[论文速度] 同时解决成像时，曝光不足和曝光过度问题：Deep Reciprocating HDR Transformation

本文链接：https://blog.csdn.net/u014546828/article/details/122550540

Image Correction via Deep Reciprocating HDR Transformation

[ Project ]

Image Correction via Deep Reciprocating HDR Transformation 2018 CVPR

[ 全文简述 ]

本文的方法启发于这样的发现：曝光不足或曝光过度图像中缺失的那部分细节，存在于其相应的高动态范围 HDR 数据中。

基于此，本文的方法是将曝光不足或曝光过度图像先转换到 HDR 域中，此过程可以恢复丢失的细节；再将 HDR 域转换到输入的曝光不足或曝光过度域中。

转换网络结构用的是很简单的 U-Net。

Image Correction via Deep Reciprocating HDR Transformation

Abstract

Image correction aims to adjust an input image into a visually pleasing one.
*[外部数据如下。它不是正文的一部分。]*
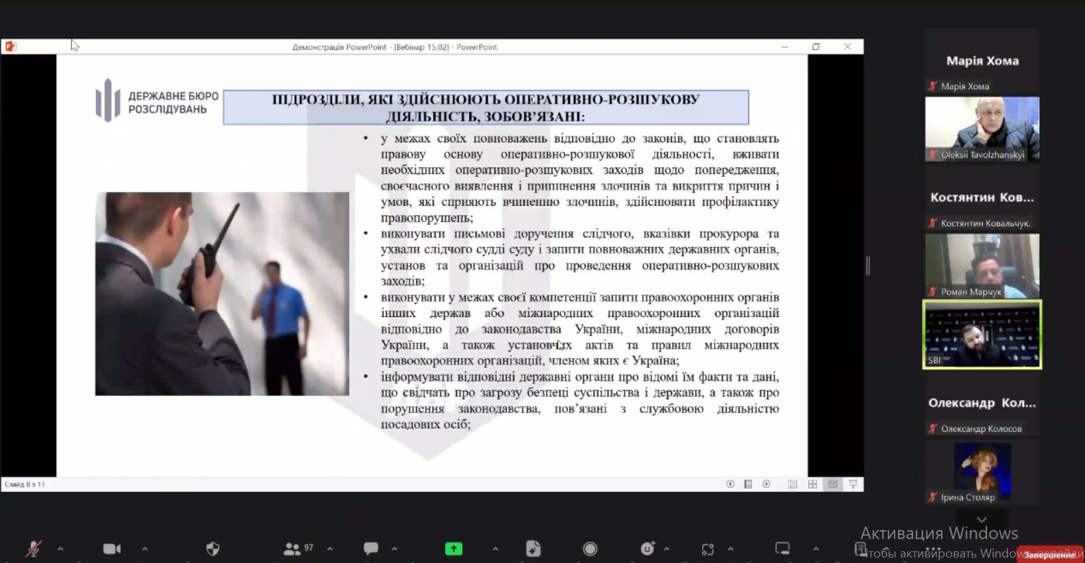 В рамках проєкту працівником Головного оперативного управління Державного бюро розслідувань Полупаном М.М. проведено вебінар за темою «Основи оперативно-розшукової діяльності».

Existing approaches are proposed mainly from the perspective of image pixel manipulation. They are not effective to recover the details in the under/over exposed regions.

In this paper, we revisit the image formation procedure and notice that the missing details in these regions (under/over exposed regions) exist in the corresponding high dynamic range (HDR) data. These details are well perceived by the human eyes but diminished in the low dynamic range (LDR) domain because of the tone mapping process.

Therefore, we formulate the image correction task as an HDR transformation process and propose a novel approach called Deep Reciprocating HDR Transformation (DRHT).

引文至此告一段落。